Pauline Ogilvie (l)

New mosaic based on work by Ashcroft artist unveiled

Pauline Ogilvie has been painting the landscape around Ashcroft for many years; and a new glass mosaic pays tribute to her work.

A new glass mosaic based on the work of a prominent Ashcroft artist was unveiled on October 29, on the Community Futures Sun Country (CFSC) building in Ashcroft. It is the 28th glass mosaic to be installed in the town, and honours Small Business Month.

Close to 70 people braved the chill of a November morning to gather for the unveiling of “Phoenix Rising”, based on a painting by artist Pauline Ogilvie. In attendance at the unveiling were Fraser-Nicola MLA Jackie Tegart and the Hon. Coralee Oakes (Cariboo North), Minister of Small Business.

Artist Marina Papais, who designed the work and who has been behind almost all the mosaics that have appeared in Ashcroft over the last few years—either as artist, designer, teacher, or some combination of the three—says that she has wanted to create a mosaic based on one of Ogilvie’s paintings of the area from the get-go.

“It was five years ago that I realized I would be doing mosaics in the town, and Pauline was an inspiration. I’ve adjudicated art shows, know a lot of great artists, and am a gallery artist myself. I’ve been exposed to great art since forever, and I think she’s a great Canadian artist who hasn’t been discovered yet.

“When I saw her work I wondered why she wasn’t in major art galleries. She has a really rare gift, and I thought ‘Someone has to let the world know about Pauline Ogilvie.’”

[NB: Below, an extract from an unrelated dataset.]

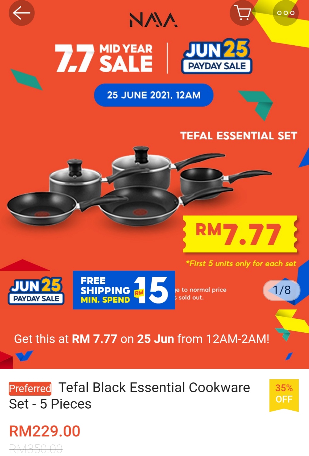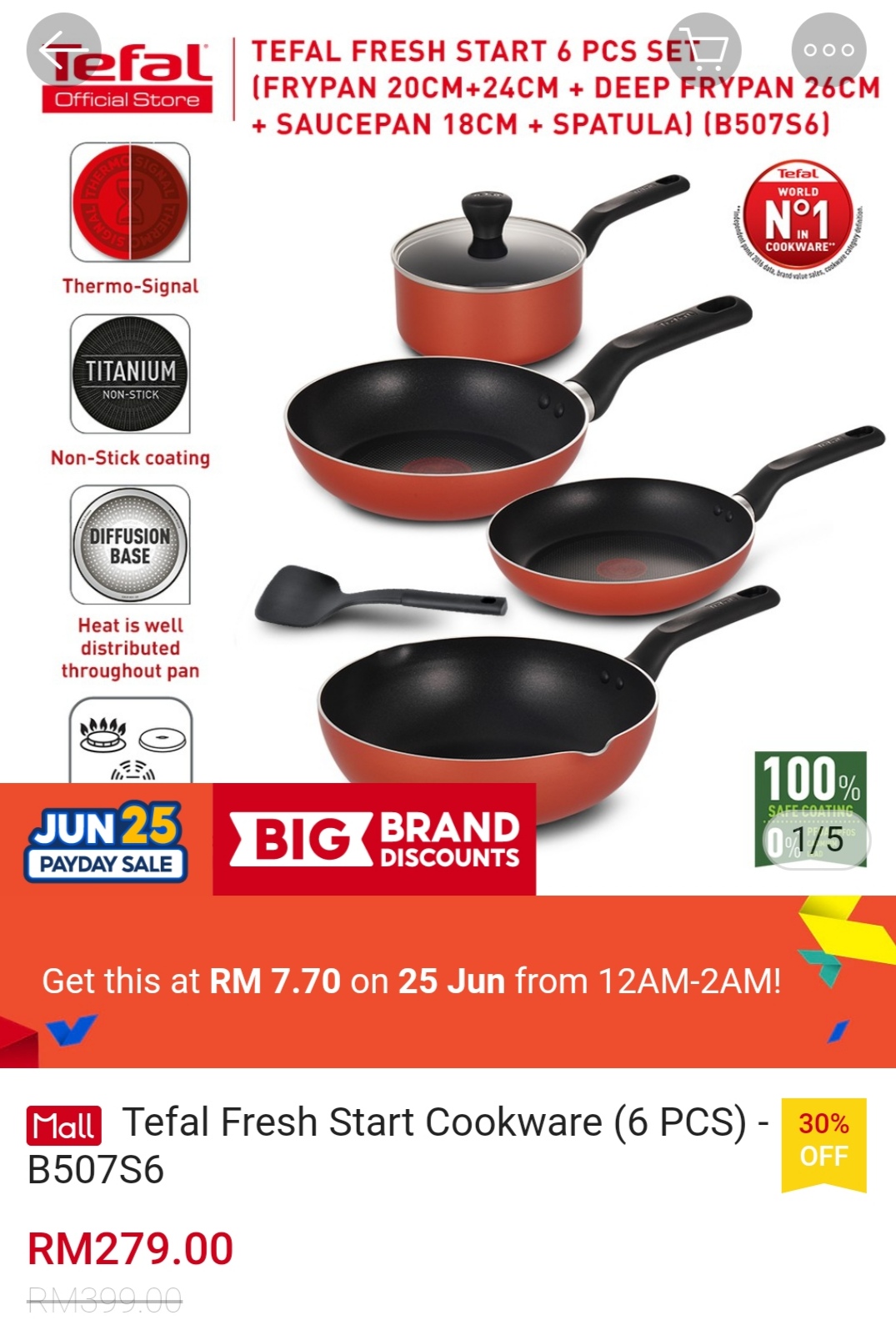 ▪ Tefal Fresh Start Cookware (6 PCS) – B507S6 – RM399 RM7.70

Debra Arnott, general manager of CFSC, said she was talking to Papais and her husband, Daniel Collett, about another project they were working on, and the talk turned to the possibility of the pair doing a mosaic for the CFSC building in Ashcroft. “I wanted to do something in recognition of Small Business Month. They came back within hours with [Ogilvie’s] painting, and I thought ‘I guess we have to find the money to do this.’ I’m so pleased; it’s absolutely fabulous.”

The original painting was housed in the old Zee’s Pizza restaurant beside the CFSC office, which was destroyed by fire in 2005. Working from pictures of the original, Papais and a number of volunteer helpers of all ages, got to work on the mosaic reproduction, which they called “Phoenix Rising”; an allusion to the bird from Greek mythology which attains new life by rising from the ashes of its predecessor.

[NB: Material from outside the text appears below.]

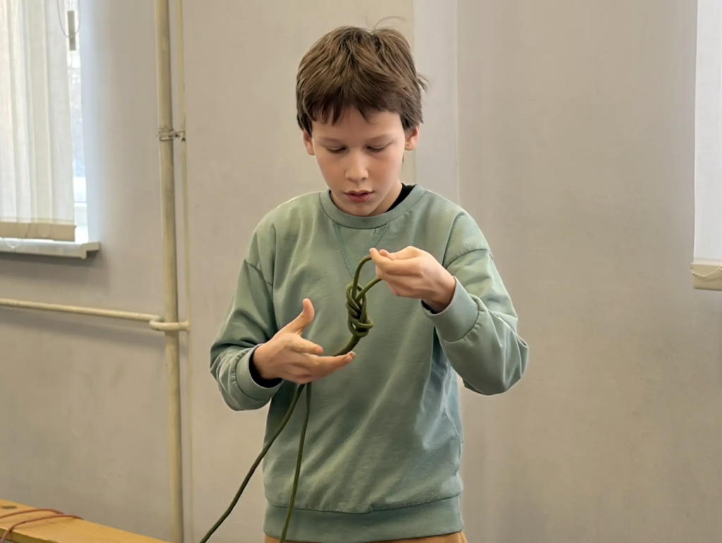 Конкурс проходил в дружеской атмосфере, где участники демонстрировали свои навыки и умения в быстроте и правильности вязания различных туристских узлов. Участникам приходилось проявлять внимательность, концентрацию и умение работать в команде, ведь от слаженных действий зависел итоговый результат. Судьи внимательно оценивали скорость завязывания каждого узла, его надёжность и соответствие техническим требованиям. Малейшая неточность могла стоить команде драгоценных баллов, поэтому участники старались максимально сосредоточиться и выполнять все действия четко и аккуратно.

It took close to four months for the work—which measures 6 feet by 9 feet without the frame—to be completed at Papais’s studio at the Ashcroft HUB. The name of each person who contributed time to the project is commemorated in the finished work under a glass bead.

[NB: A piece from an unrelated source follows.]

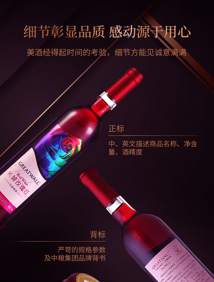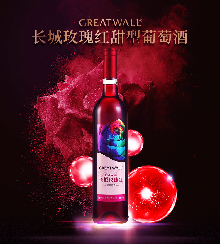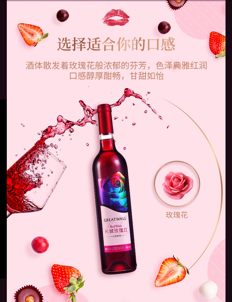 长城 玫瑰红甜型葡萄酒 750ml 单瓶装 中粮出品

Papais admits that while the piece would not have been her first choice of Ogilvie’s works to commemorate in glass, it was the community’s choice, and she felt it would look very good in mosaic form. “It’s such a colourful and vibrant work.” The painting depicts the many colours and textures of the landscape around Ashcroft, and Papais is glad that the mosaic is located so close to the home of the painting on which it is based. “It’s just magical that way.”

Ogilvie, who was present for the unveiling, downplayed her role in the project. “It’s not about me; it’s about the community. This community has always supported the arts. The painting was my vision of what was outside my window; the landscape I have always loved.”

Tegart noted that when Minister of International Trade Teresa Wat was in Ashcroft in June for the unveiling of the mosaics in the Chinese cemetery, she was “so impressed with the work that has been done and with what’s happening. This is a great art community, and the development of the mosaics has been incredible. As a community we appreciate our artists.”

Oakes spoke of the value of artists to their communities. “We need to appreciate them as small business people.”

Papais says that she would like to do another mosaic based on an Ogilvie painting, and hopes to do other mosaics honouring local artists. She has already been commissioned to do a mosaic based on the mural that Ashcroft artists Jo Petty and Royden Josephson painted for Ashcroft’s sister city of Bifuka, Japan (a painting of the artwork hangs in the Ashcroft council chamber). The finished work will be displayed on the side of the Ashcroft library building at 2nd and Brink.

“It will be the same size as Pauline’s mosaic,” says Papais. “The community chose Jo and Royden to go to Bifuka and do the mural, so this is a community choice that honours them, as well as our sister city.”